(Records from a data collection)
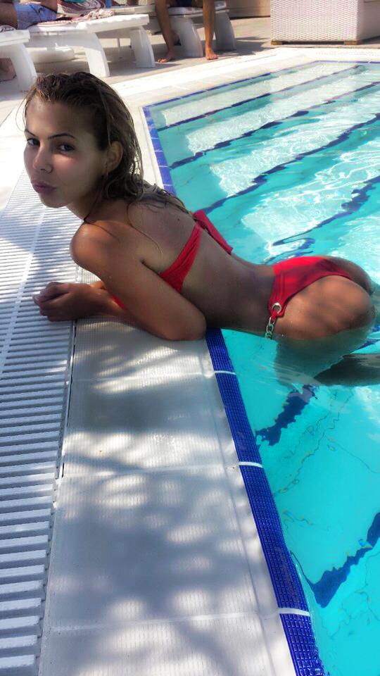 Mihaela Mocanu s-a îmbrăcat cu un costum de baie roşu-aprins, care are slipi ce nu-i acoperă prea mult din posterior şi sutien fără bretele, şi a aprins imaginaţia bărbaţilor care stăteau la soare pe şezlong alături de ea. După ce s-a încins tare la plajă, Mihaela Mocanu a intrat în piscină şi, udă toată, şi cu buzele apetisante ţuguiate, şi-a făcut o poză cu care a strâns o mulţime de like-uri pe Facebook. În imagine se vede că blonda s-a cam ars pe spate, unde are câteva pete roşii, însă asta nu pare să-i fi pus prea multe probleme. Mihaela s-a distrat până seara la piscină şi a publicat poze cu ea în diverse ipostaze.
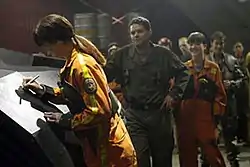 ![]() Crew members who worked on the Blackbird sign it as Chief Galen Tyrol looks on. | |
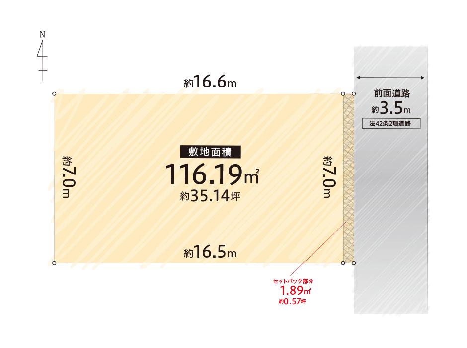 | 建ぺい率・容積率 | 建ペい率:60%、容積率:100% | 私道負担・道路 | 道路幅:3.5m、アスファルト舗装 | ||
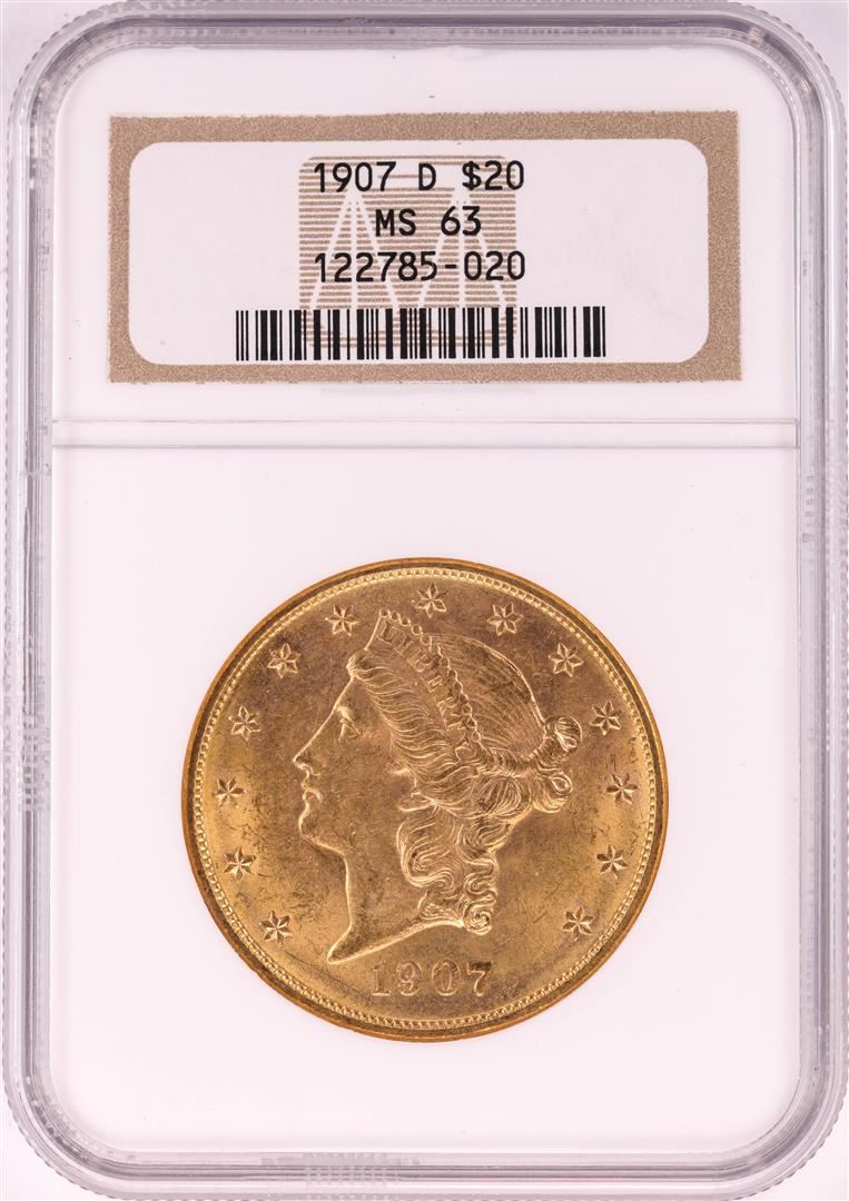 One 1907-D $20 Liberty Head Double Eagle Gold Coin NGC MS63. NGC Certified.
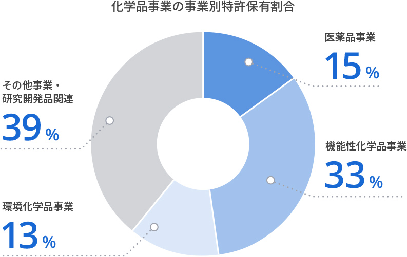 当社は、国内外で化学品事業関連の特許を1,183件保有しています。その内訳は、医薬品事業15%、機能性化学品事業33%、環境化学品事業13%、その他事業・研究開発品に関する特許が39%です(図2)。各事業の研究開発品について特許ポートフォリオを構築し、新製品開発に挑戦しています。また、既存製品については、製造方法の改良や新規用途展開等を行い、製品競争力を維持しています。

**Aim of the exercise**
The answer must be an exact copy of the lines from the start of the records above through the line containing "道路幅:3.5m、アスファルト舗装 | ||", with no pictures in it.

**Solution for this exercise**
 Mihaela Mocanu s-a îmbrăcat cu un costum de baie roşu-aprins, care are slipi ce nu-i acoperă prea mult din posterior şi sutien fără bretele, şi a aprins imaginaţia bărbaţilor care stăteau la soare pe şezlong alături de ea. După ce s-a încins tare la plajă, Mihaela Mocanu a intrat în piscină şi, udă toată, şi cu buzele apetisante ţuguiate, şi-a făcut o poză cu care a strâns o mulţime de like-uri pe Facebook. În imagine se vede că blonda s-a cam ars pe spate, unde are câteva pete roşii, însă asta nu pare să-i fi pus prea multe probleme. Mihaela s-a distrat până seara la piscină şi a publicat poze cu ea în diverse ipostaze.
 ![]() Crew members who worked on the Blackbird sign it as Chief Galen Tyrol looks on. | |
 | 建ぺい率・容積率 | 建ペい率:60%、容積率:100% | 私道負担・道路 | 道路幅:3.5m、アスファルト舗装 | ||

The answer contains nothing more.